旧版逻辑问题:原代码中mask = 0xffffffffffffffff << 192,这行计算后,mask的值是2^256 - 2^192(相当于u256的高64位全部为1,低192位为0)。这意味着,只要输入的n小于等于这个mask,函数就会认为左移64位是安全的,进而执行n << 64。
黑客的攻击逻辑:黑客精心构造了一个输入n,让它满足2^192 ≤ n ≤ mask。此时n << 64的结果是n * 2^64,而因为n ≥ 2^192,所以n * 2^64 ≥ 2^192 * 2^64 = 2^256——这已经超出了u256类型的最大值(u256的最大值是2^256 - 1)。

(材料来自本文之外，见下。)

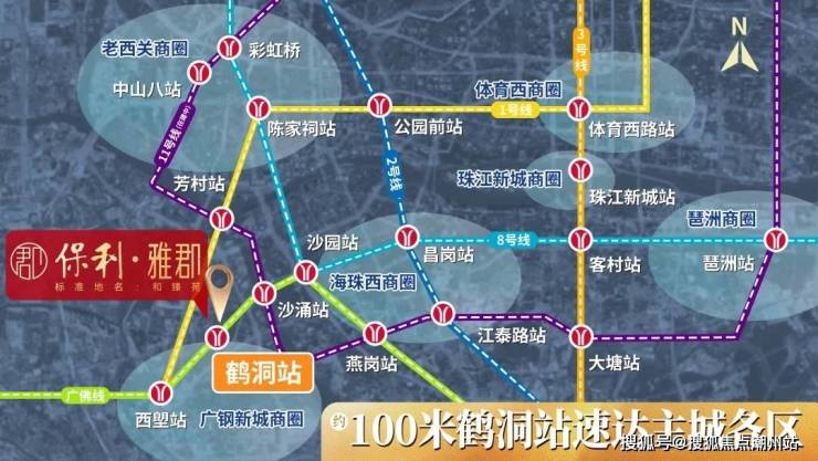 交通配套,走路100米可到【鹤洞地铁站】,可搭乘广佛线,往东2个站到海珠(沙园),可以换乘8号线去往琶洲,往西1个站到西塱,可以换乘1号线去往越秀、体育西等。【鹤洞站】出发一个站到【沙涌站】,即可换成地铁11号线(预计2024年底开通)这是广州中心区大环线,可以通达环市东、珠江新城、天河北、琶洲等多个CBD。驾车出门就是鹤洞路,往东经过鹤洞大桥,10分钟就到海珠西,转芳村大道可以接驳珠江隧道去老西关,洲头咀隧道和东沙隧道可以去海珠西,环城可以去到中心各区,往西经芳村大道南去佛山。

溢出后,计算结果会被截断,产生一个非预期的错误值,黑客正是利用这个错误值绕过了合约的其他校验,最终盗走了池子中的巨额资产。
修复思路:新版本代码把mask改成了1<<192,这样只要n > mask(也就是n ≥ 2^192),函数就会直接返回错误(0, true),从根本上避免了溢出风险。
警钟长鸣:DeFi 安全,从来不是小事
这场16亿的教训,给所有DeFi从业者和开发者都上了一课:
基础工具库的安全是生命线:很多项目会依赖底层工具库,但如果这些“基建”存在漏洞,上层项目都会遭殃。这次事件中,Cetus作为上层应用,就因为底层math_u256的问题被拖下水。
边界测试不能少:数值计算的溢出、截断等问题,往往藏在边界条件里。开发者在写代码时,必须对所有极端情况做测试,不能想当然。
代码审计要“较真”:哪怕是一行看起来简单的赋值,也要反复检查逻辑是否严谨。这次的漏洞如果在审计时被揪出来,16亿的损失本可以避免。
DeFi生态的信任需要共同守护:一次重大安全事件,不仅会让项目方和用户承受财产损失,更会打击整个生态的信心。安全不是某一个人的事,而是所有参与者的共同责任。
16亿的代价,换来了一行代码的修复,也换来了整个行业的警示。在DeFi的世界里,没有“万无一失”的神话,只有“如履薄冰”的谨慎。
对于开发者来说,每一行代码都可能是资产的闸门;对于用户来说,选择项目时也要多一份对安全的审视。希望这次事件能让更多人记住:在链上,安全永远是第一位的。